Ливий выпустил клинок и запустил в Плиния. Ошалевший от смены событий, я подбежал к Ливию и взял его в захват со спины, когда он попытался броситься на Плиния и влезть в драку. Тот держал лезвие меж средним и указательным пальцами: меж остриём и кончиком его носа остался тоненький просвет.
– Как недружелюбно швыряться в людей острыми предметами, – тихо, как ветер, зацикленный в пещеристом логове Сциллы, проговорил Плиний.
– Ты проклял нас с Луцианом! Ты убил её! – сорвался Ливий, ёрзая в моих руках – держать сбрендившего Ливия становилось всё труднее. – Мою мать, ты утопил её, потому что она прокляла твою дочь, да? В этом урок? Поэтому ты ходишь за нами и пытаешься убить? В тот день, когда матушка погибла, мы видели дятла! Это был ты, предвестник горя!
«Мы будто местами поменялись. Странно… но я не согласен с ним, только почему, понять не могу», – подумал я и сказал:
– Ливий, остынь.
– Ты на чьей угодно стороне, лишь бы не на моей. – Ливий ошпарил меня золотом глаз и прошипел: – Убери от меня руки. Ты готов поддерживать этого убийцу, который сделал из тебя посмешище и утопил кормилицу! Я… мне было тяжело без неё, мне было горько – и поныне в сердце у меня зияет огромная дыра, которую никто и никогда не заполнит. – Он обмяк в моих руках.

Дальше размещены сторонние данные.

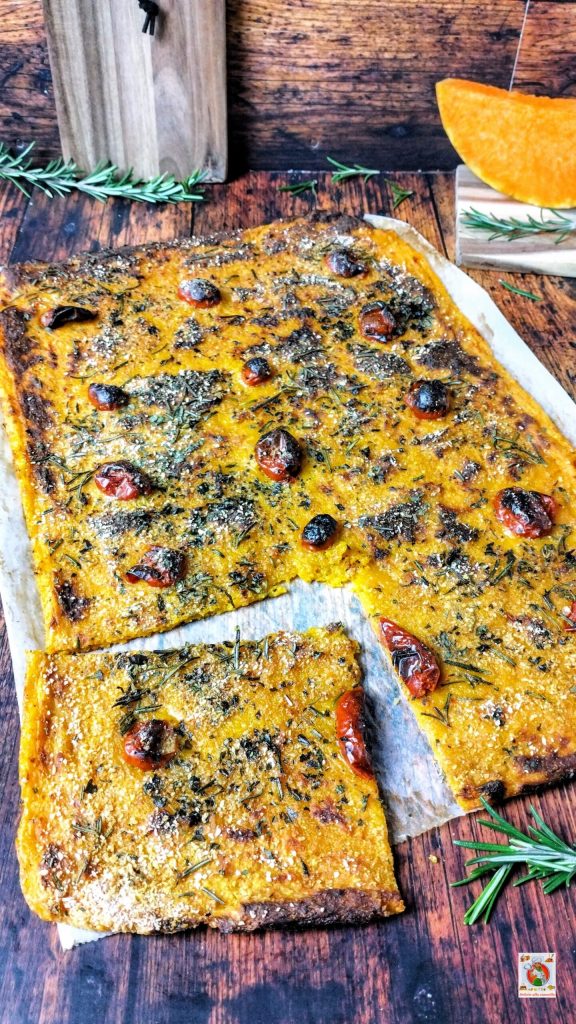 Kürbisschiacciata mit Ofentomaten: Eine Geschmacksexplosion, die man schnell und ohne Eier zubereiten kann.

Я отпустил – Ливий свалился на пол, закрыв лицо ладонями. Я хотел коснуться его плеча, но постеснялся и, памятуя собственное предостережение держаться от него подальше, начал претворять его в жизнь.
Мне было жаль его.
Жаль Кирку.
Всё это было до одури печально.
– Какие же вы, южане, темпераментные. – Плиний закатил глаза. Он всадил кинжал в дорогой стол, что напугало Ганнона до импульсивной молитвы. Подойдя к Ливию, схватил его за грудки, и я приказал ногам врасти в пол, чтобы не вмешаться. – Кирка Туций заслужила быть утопленной. Пусть подавится своими чувствами – в прямом смысле. А её сын по закону судьбы обязан воровать чужое до скончания своих дней: будь то золото, святыни или воля. Вот и всё, чего достоин ваш род.
Сенаторы поняли, что черту переступили, и Астарбел Баалшамем встала из-за попорченного стола. Она сказала:
– Довольно сцен. Какие же вы мужи после столь громких истерик? От вас болит голова. – Она подошла к Плинию с Ливием и просунула меж ними свиток, брошенный впопыхах. Она обратилась к Ливию: – Бери. Мы выпишем триеру, дабы вы с Луцианом благополучно добрались до Остии. На судно погрузим двух лучших жеребцов, чтобы вы быстрее оказались в Риме. Да хранят вас боги.